### Description of the task
Search the data below for the word "Stasi" and copy each line that holds it.

### Given records
=== Section Start ===

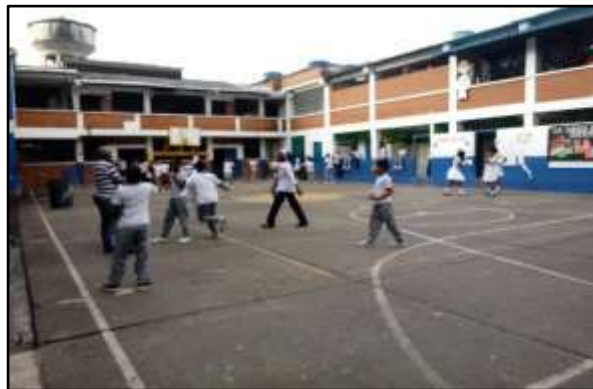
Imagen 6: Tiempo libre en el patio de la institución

=== Section End ===
=== Section Start ===

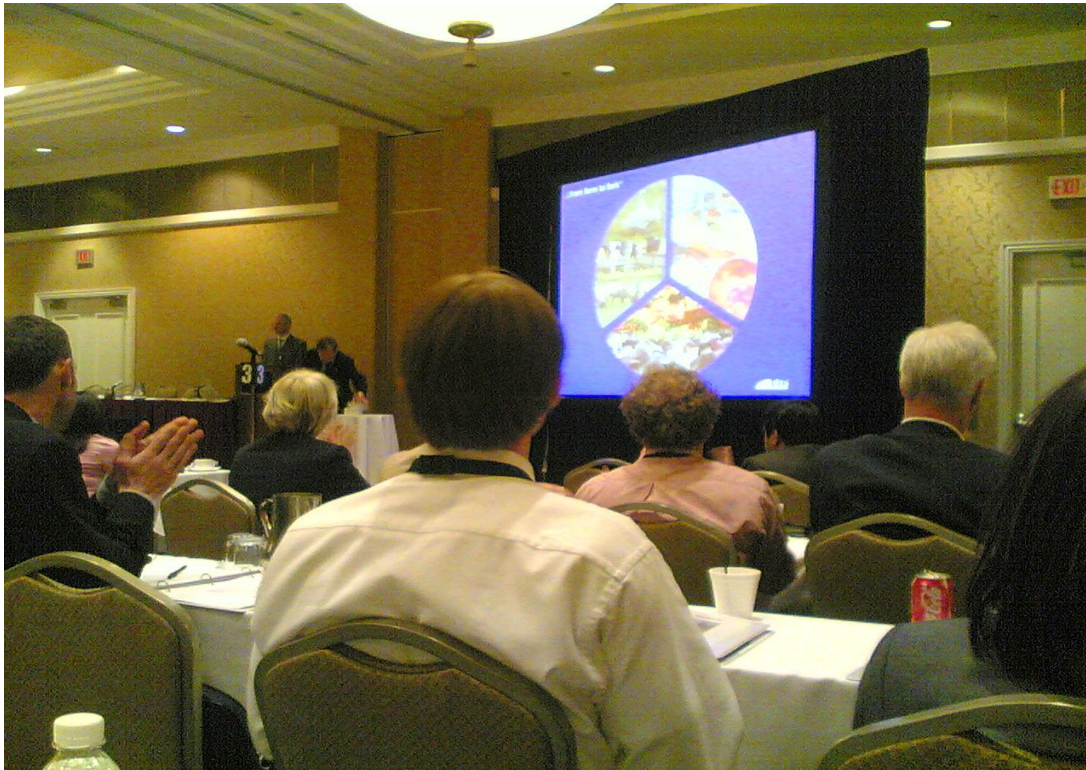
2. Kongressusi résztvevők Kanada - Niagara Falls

=== Section End ===
=== Section Start ===

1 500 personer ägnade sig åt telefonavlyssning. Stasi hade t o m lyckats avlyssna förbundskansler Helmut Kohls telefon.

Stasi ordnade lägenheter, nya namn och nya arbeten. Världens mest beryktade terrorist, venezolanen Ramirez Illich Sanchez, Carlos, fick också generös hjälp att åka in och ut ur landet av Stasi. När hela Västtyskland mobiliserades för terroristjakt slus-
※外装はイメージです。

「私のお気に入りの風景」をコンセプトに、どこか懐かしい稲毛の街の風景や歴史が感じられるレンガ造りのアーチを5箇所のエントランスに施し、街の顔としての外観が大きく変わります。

=== Section End ===

### Completed exercise
1 500 personer ägnade sig åt telefonavlyssning. Stasi hade t o m lyckats avlyssna förbundskansler Helmut Kohls telefon.
Stasi ordnade lägenheter, nya namn och nya arbeten. Världens mest beryktade terrorist, venezolanen Ramirez Illich Sanchez, Carlos, fick också generös hjälp att åka in och ut ur landet av Stasi. När hela Västtyskland mobiliserades för terroristjakt slus-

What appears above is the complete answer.